The entries below contain a line with "그리고 마신 임무를 제외하고" and a line with "Het anatomisch verschil". Retype exactly everything from the first down to the second, both included, and nothing else.

• _Exercise data_
*** Begin section ***

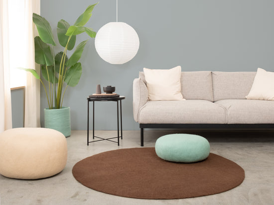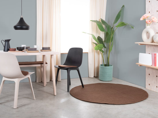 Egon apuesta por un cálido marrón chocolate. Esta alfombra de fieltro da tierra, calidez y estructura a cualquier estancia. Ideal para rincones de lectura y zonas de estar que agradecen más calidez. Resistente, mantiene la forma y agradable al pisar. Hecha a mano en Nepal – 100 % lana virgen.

*** End section ***
*** Begin section ***

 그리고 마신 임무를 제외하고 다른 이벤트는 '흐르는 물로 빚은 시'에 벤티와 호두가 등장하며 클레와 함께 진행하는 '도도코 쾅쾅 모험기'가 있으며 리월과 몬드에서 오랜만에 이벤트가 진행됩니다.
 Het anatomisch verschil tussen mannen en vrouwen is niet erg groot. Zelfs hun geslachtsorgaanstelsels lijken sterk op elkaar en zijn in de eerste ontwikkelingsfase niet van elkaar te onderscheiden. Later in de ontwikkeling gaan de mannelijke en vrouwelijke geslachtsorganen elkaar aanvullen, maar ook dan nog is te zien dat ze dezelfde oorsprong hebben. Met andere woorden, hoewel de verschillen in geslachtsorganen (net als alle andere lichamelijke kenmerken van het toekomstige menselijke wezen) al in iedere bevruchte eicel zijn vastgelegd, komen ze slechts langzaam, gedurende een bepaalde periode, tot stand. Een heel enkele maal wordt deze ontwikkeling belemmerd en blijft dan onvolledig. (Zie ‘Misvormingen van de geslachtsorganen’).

*** End section ***

• _Task solution_
 그리고 마신 임무를 제외하고 다른 이벤트는 '흐르는 물로 빚은 시'에 벤티와 호두가 등장하며 클레와 함께 진행하는 '도도코 쾅쾅 모험기'가 있으며 리월과 몬드에서 오랜만에 이벤트가 진행됩니다.
 Het anatomisch verschil tussen mannen en vrouwen is niet erg groot. Zelfs hun geslachtsorgaanstelsels lijken sterk op elkaar en zijn in de eerste ontwikkelingsfase niet van elkaar te onderscheiden. Later in de ontwikkeling gaan de mannelijke en vrouwelijke geslachtsorganen elkaar aanvullen, maar ook dan nog is te zien dat ze dezelfde oorsprong hebben. Met andere woorden, hoewel de verschillen in geslachtsorganen (net als alle andere lichamelijke kenmerken van het toekomstige menselijke wezen) al in iedere bevruchte eicel zijn vastgelegd, komen ze slechts langzaam, gedurende een bepaalde periode, tot stand. Een heel enkele maal wordt deze ontwikkeling belemmerd en blijft dan onvolledig. (Zie ‘Misvormingen van de geslachtsorganen’).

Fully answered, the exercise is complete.